Don’t sweat it: It’s likely that someone with great intentions bought an exercise bike or other piece of workout gear, then sat on the couch and failed to use it. Make their fitness fail your core find.
Don’t scoop up a secondhand car seat or crib, as we detail in “10 Things No One Should Ever Buy Used.”
But it’s generally fine to buy items like baby clothes, strollers and bassinets used. And the price is a real pacifier.
Are you Barcelona-bound? Heading for Hawaii? There are online travel guides aplenty, but a good, solid travel guidebook often comes in handy.
Here’s a savvy traveler’s tip: The history, maps and basic info about a region may stay the same for decades, but if you buy a guidebook that’s more than a few years old, verify that hotels and restaurants are still in business before showing up at one. Bon voyage!
Obviously, Olympians don’t pick up their ice skates or soccer knee pads at yard sales. But backyard athletes and kids starting out should make it a goal to acquire some sports accessories there.
They’re often only lightly used.
Creep it real at Halloween by buying used costumes — whether child- or adult-sized — at yard sales.
They’re often barely worn and frightfully cheap.

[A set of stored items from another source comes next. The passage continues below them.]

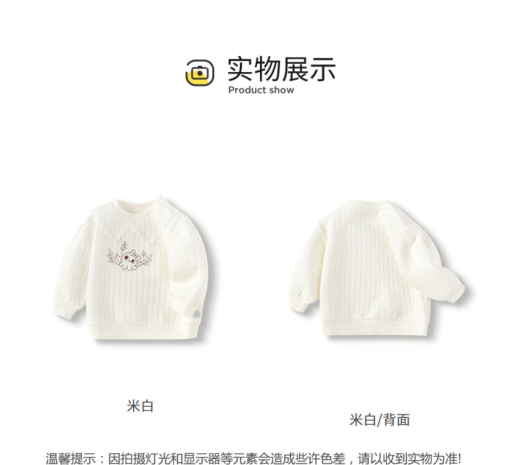 Balabala children's clothing baby bottoming shirt T-shirt girls top autumn and winter sweet temperament simple fashion trendy off-white 10302 100
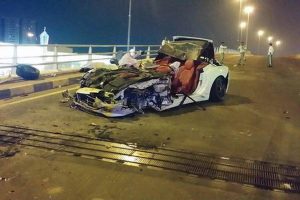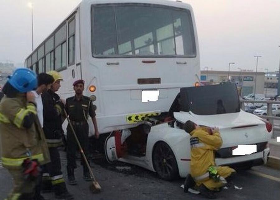 Την τύχη όλου του κόσμου με το μέρος του είχε ο μόλις 20 ετών οδηγός της εικονιζόμενης διαλυμένης Ferrari California, ο οποίος βγήκε ζωντανός από την πολύ σφοδρή αυτή σύγκρουση με το μικρό λεωφορείο. Το γεγονός αυτό έλαβε χώρα στο εμιράτο Ajman και όπως αναφέρουν μάρτυρες, ο ενθουσιώδης μικρός οδηγός έτρεχε με πάνω από 100 χλμ./ώρα σε αστικό δρόμο με κίνηση, έχασε τον έλεγχο του αυτοκινήτου, χτύπησε τέσσερα άλλα οχήματα και η τρελή πορεία του σταμάτησε πίσω από το λεωφορείο.
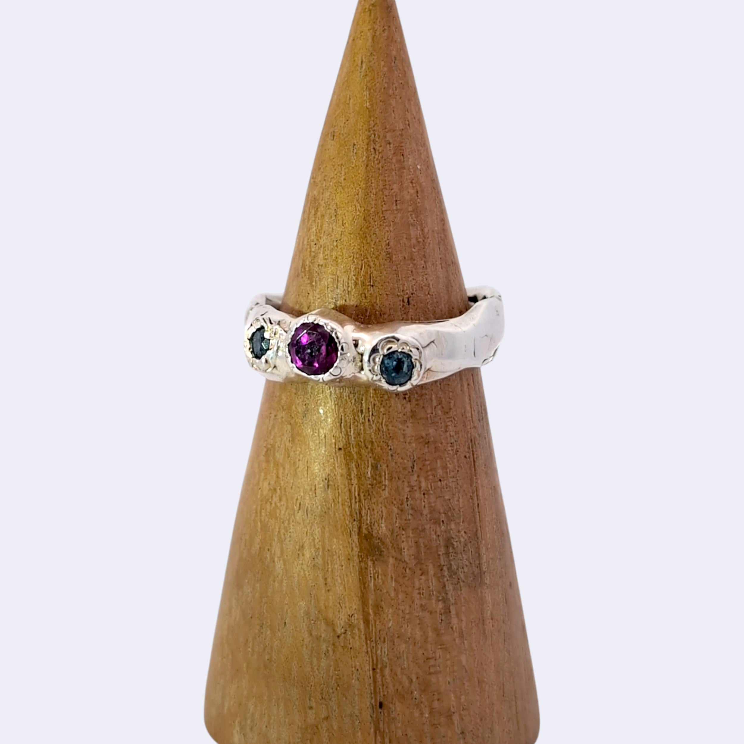 Hand-formed textured sterling band with a bright rhodolite garnet in a flush and bezel blend setting, flanked by two blue topaz accents in matching settings. Includes a branded gift bag and care card.
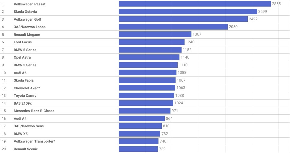 Третю сходинку зайняв Volkswagen Golf (2,4 тис. угод), а на четвертій розташувався Daewoo Lanos (2 тис. угод). Замикає першу п’ятірку Renault Megane (1,4 тис. угод).
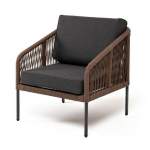 "Канны" кресло плетеное из роупа, каркас алюминий коричневый (RAL8016) муар, роуп коричневый круглый, ткань темно-серая 027
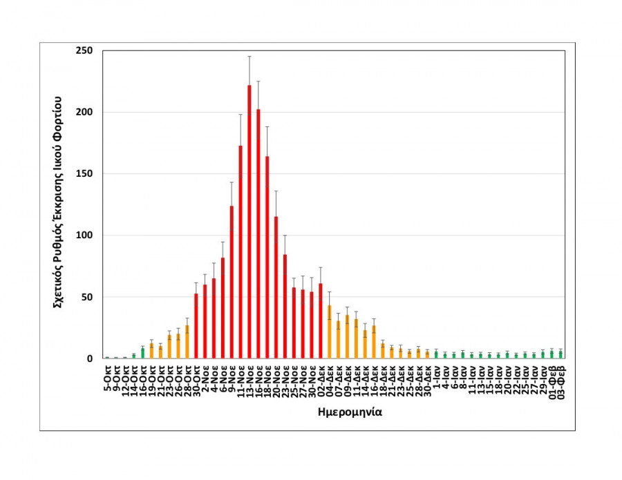 Στα διαγράμματα που παρουσιάζει το ΑΠΕ-ΜΠΕ οι ημέρες των δειγματοληψιών που καταγράφονται με κόκκινο χρώμα αντιστοιχούν σε περισσότερα από 500 κρούσματα - όπως ανακοινώθηκαν τις αντίστοιχες ημέρες από τον ΕΟΔΥ - οι μέρες που καταγράφονται με πορτοκαλί σε 100-400 κρούσματα και οι μέρες που καταγράφονται με πράσινο σε λιγότερα από εκατό κρούσματα.
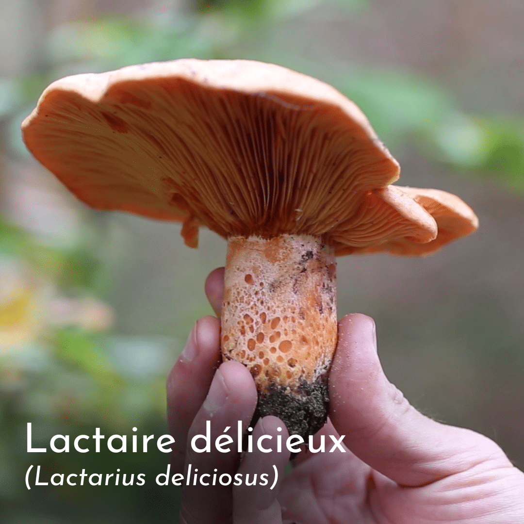 Le lactaire délicieux pousse près des pins et se distingue par son chapeau orangé à cercles concentriques, son pied creusé de petites fossettes et son lait orange vif qui s’écoule lorsqu’on entaille les lames. Son pied se casse comme de la craie, sans fibres longues.
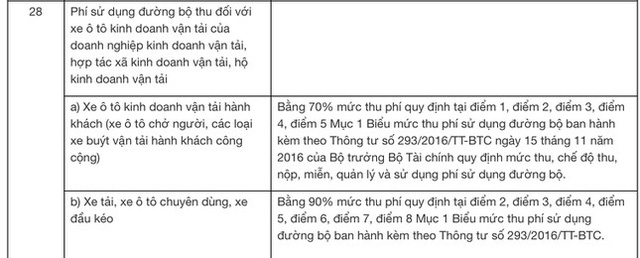 Cụ thể, xe ô tô kinh doanh vận tải hành khách (xe ô tô chở người, các loại xe buýt vận tải hành khách công cộng) sẽ có mức phí đường bộ bằng 70% mức thu phí quy định tại điểm 1, điểm 2, điểm 3, điểm 4, điểm 5 Mục 1 Biểu mức thu phí sử dụng đường bộ ban hành kèm theo Thông tư số 293/2016/TT-BTC ngày 15 tháng 11 năm 2016 của Bộ trưởng Bộ Tài chính.
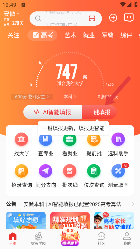 1、在優(yōu)志愿的首頁,點擊一鍵填報的按鈕,進入AI志愿生成的界面。
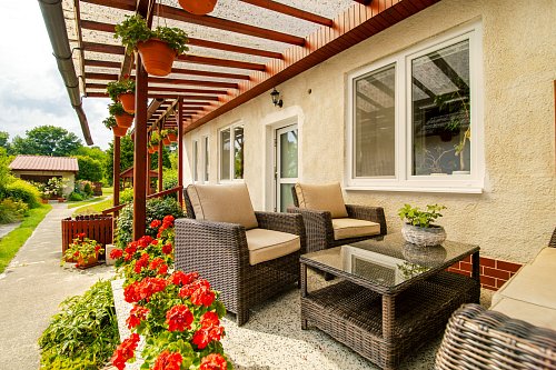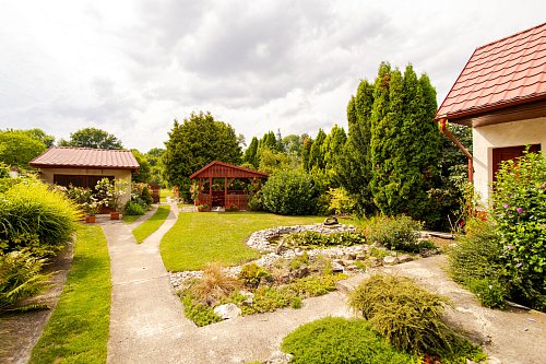 Pozemok ponúka nielen dostatok priestoru, ale aj množstvo praktických a oddychových prvkov. Priamo za domom sa nachádza veľký altánok, ideálny na rodinné stretnutia, letné grilovanie či pokojné večery v súkromí záhrady. K dispozícii je aj veľký skleník, ktorý zostáva súčasťou predaja a umožňuje celoročné pestovanie zeleniny či byliniek.
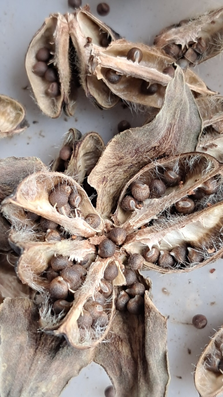 채취후에 바람에 말리면 꼬투리가 갈라지면서 종자가 나옵니다.

Wedding gowns, prom dresses, tuxedos with lapels that span a continent — formal wear is a yard-sale favorite.
Not everyone wants to go all Molly Ringwald in “Pretty in Pink” and remake a vintage prom dress, but discarded duds will delight kids with princess dreams.
Or, use them for Halloween costumes. You won’t feel guilty splashing fake blood on a $5 wedding dress to create a zombie bride ensemble.
Not every kid is a Prince-like prodigy. Many of us were nudged into music lessons, then abruptly quit the school band and shoved that barely used clarinet under the bed for the next decade.
You may not find the best-quality band instruments at yard sales, but at yard-sale prices, your young Mozart might not care.
No, not the 1994 Quentin Tarantino movie, but pulp paperback books — cheap reads with lurid and colorful covers.
A good pulp makes a juicy purchase — whether you want to frame the cover, read the book, resell it or give it as a white-elephant gift.
Everyone has Monopoly, but not everyone owned the wonderfully goofy Mystery Date game — in which players opened a plastic 3-D door, hoping the correct handsome hunk was waiting.
A vintage board game could make for a perfect gift for that friend who helped you survive the ‘70s. But be warned: Pieces are probably missing.